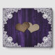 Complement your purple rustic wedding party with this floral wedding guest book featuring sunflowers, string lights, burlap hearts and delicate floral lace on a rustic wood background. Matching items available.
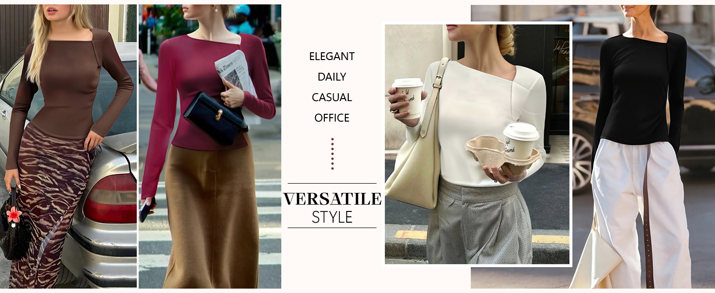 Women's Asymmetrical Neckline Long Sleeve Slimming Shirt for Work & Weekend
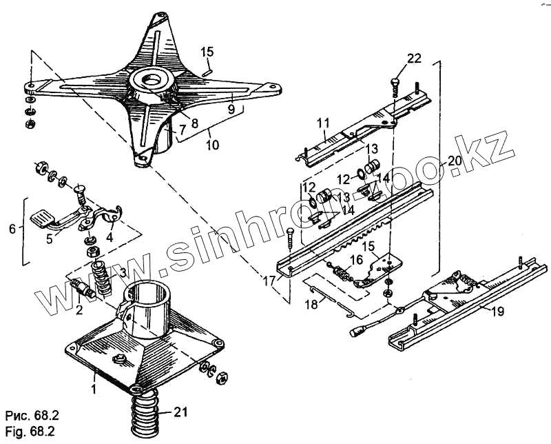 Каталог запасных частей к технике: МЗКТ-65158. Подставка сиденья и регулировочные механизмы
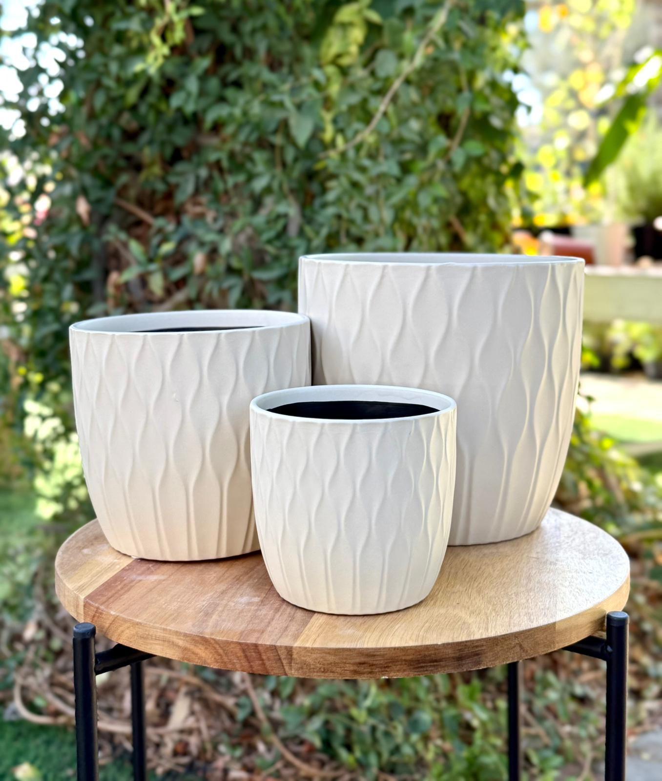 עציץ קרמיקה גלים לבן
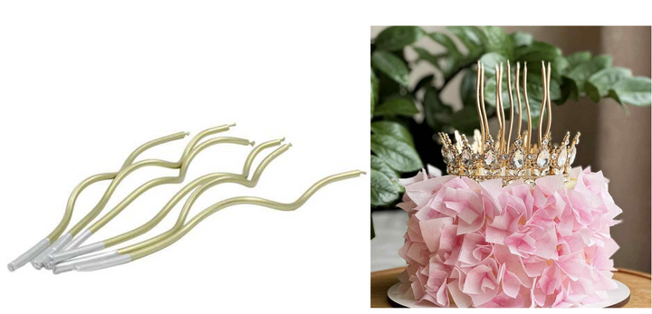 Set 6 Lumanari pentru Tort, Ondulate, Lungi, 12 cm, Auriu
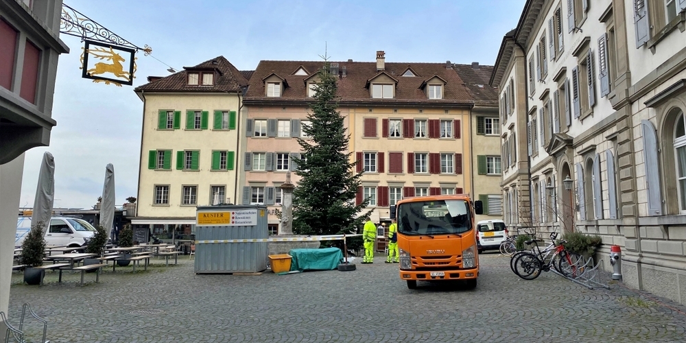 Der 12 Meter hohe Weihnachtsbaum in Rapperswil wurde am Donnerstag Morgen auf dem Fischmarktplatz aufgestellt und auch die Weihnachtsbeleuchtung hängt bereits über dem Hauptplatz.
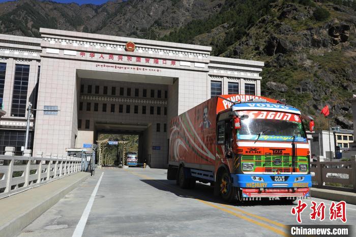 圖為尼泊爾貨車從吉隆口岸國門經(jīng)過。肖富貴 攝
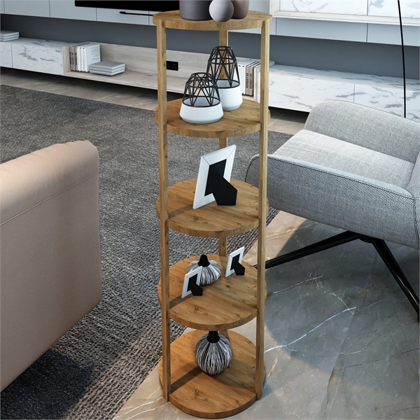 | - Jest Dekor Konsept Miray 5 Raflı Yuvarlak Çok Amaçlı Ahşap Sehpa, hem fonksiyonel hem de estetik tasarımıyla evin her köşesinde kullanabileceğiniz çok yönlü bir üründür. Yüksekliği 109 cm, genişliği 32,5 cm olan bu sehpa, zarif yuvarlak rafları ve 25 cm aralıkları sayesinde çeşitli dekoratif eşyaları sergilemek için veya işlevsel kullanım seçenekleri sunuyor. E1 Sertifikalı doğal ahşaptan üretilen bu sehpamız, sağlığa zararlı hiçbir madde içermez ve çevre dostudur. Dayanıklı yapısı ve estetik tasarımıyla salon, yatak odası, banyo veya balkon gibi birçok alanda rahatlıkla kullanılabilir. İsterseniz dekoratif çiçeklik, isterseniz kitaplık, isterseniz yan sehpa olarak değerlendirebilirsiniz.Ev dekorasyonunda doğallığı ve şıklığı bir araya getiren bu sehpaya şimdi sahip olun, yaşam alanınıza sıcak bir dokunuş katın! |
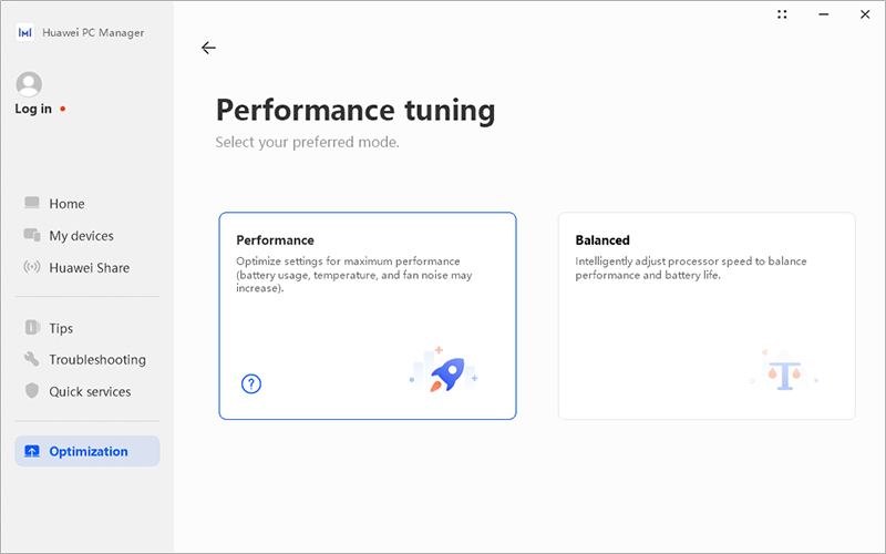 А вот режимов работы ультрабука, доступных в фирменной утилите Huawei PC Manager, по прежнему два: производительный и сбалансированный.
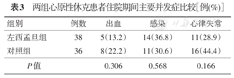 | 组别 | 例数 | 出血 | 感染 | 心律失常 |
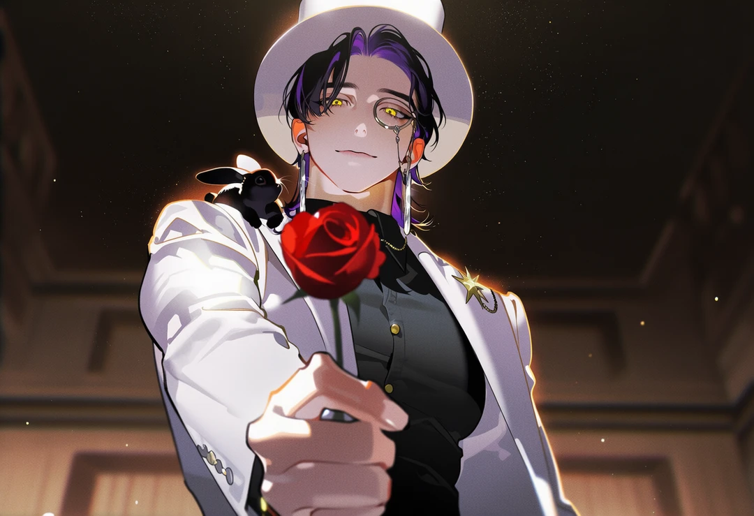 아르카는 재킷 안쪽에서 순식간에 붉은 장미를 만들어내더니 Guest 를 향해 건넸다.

*-*-*

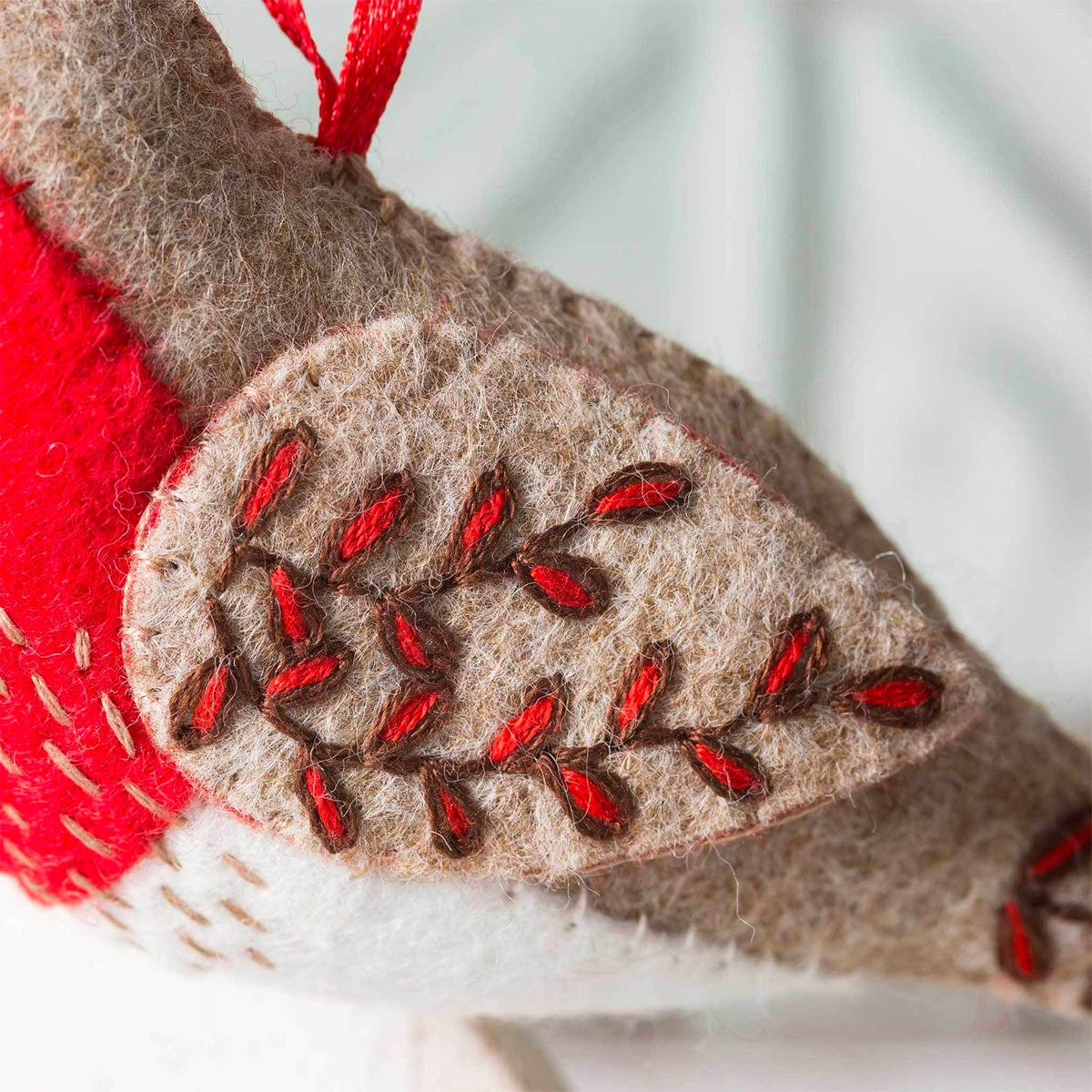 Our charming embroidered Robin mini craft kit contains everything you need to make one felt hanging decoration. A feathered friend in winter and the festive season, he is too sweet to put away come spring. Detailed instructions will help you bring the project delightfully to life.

*-*-*

■ Exercise goal: Only the lines above from the one with "圖為尼泊爾貨車從吉隆口岸國門經(jīng)過。肖富貴 攝" to the one with "아르카는 재킷 안쪽에서" should be printed, both included and exactly as written; no picture belongs in the copy.

■ Solution for this problem:
 圖為尼泊爾貨車從吉隆口岸國門經(jīng)過。肖富貴 攝
 | - Jest Dekor Konsept Miray 5 Raflı Yuvarlak Çok Amaçlı Ahşap Sehpa, hem fonksiyonel hem de estetik tasarımıyla evin her köşesinde kullanabileceğiniz çok yönlü bir üründür. Yüksekliği 109 cm, genişliği 32,5 cm olan bu sehpa, zarif yuvarlak rafları ve 25 cm aralıkları sayesinde çeşitli dekoratif eşyaları sergilemek için veya işlevsel kullanım seçenekleri sunuyor. E1 Sertifikalı doğal ahşaptan üretilen bu sehpamız, sağlığa zararlı hiçbir madde içermez ve çevre dostudur. Dayanıklı yapısı ve estetik tasarımıyla salon, yatak odası, banyo veya balkon gibi birçok alanda rahatlıkla kullanılabilir. İsterseniz dekoratif çiçeklik, isterseniz kitaplık, isterseniz yan sehpa olarak değerlendirebilirsiniz.Ev dekorasyonunda doğallığı ve şıklığı bir araya getiren bu sehpaya şimdi sahip olun, yaşam alanınıza sıcak bir dokunuş katın! |
 А вот режимов работы ультрабука, доступных в фирменной утилите Huawei PC Manager, по прежнему два: производительный и сбалансированный.
 | 组别 | 例数 | 出血 | 感染 | 心律失常 |
 아르카는 재킷 안쪽에서 순식간에 붉은 장미를 만들어내더니 Guest 를 향해 건넸다.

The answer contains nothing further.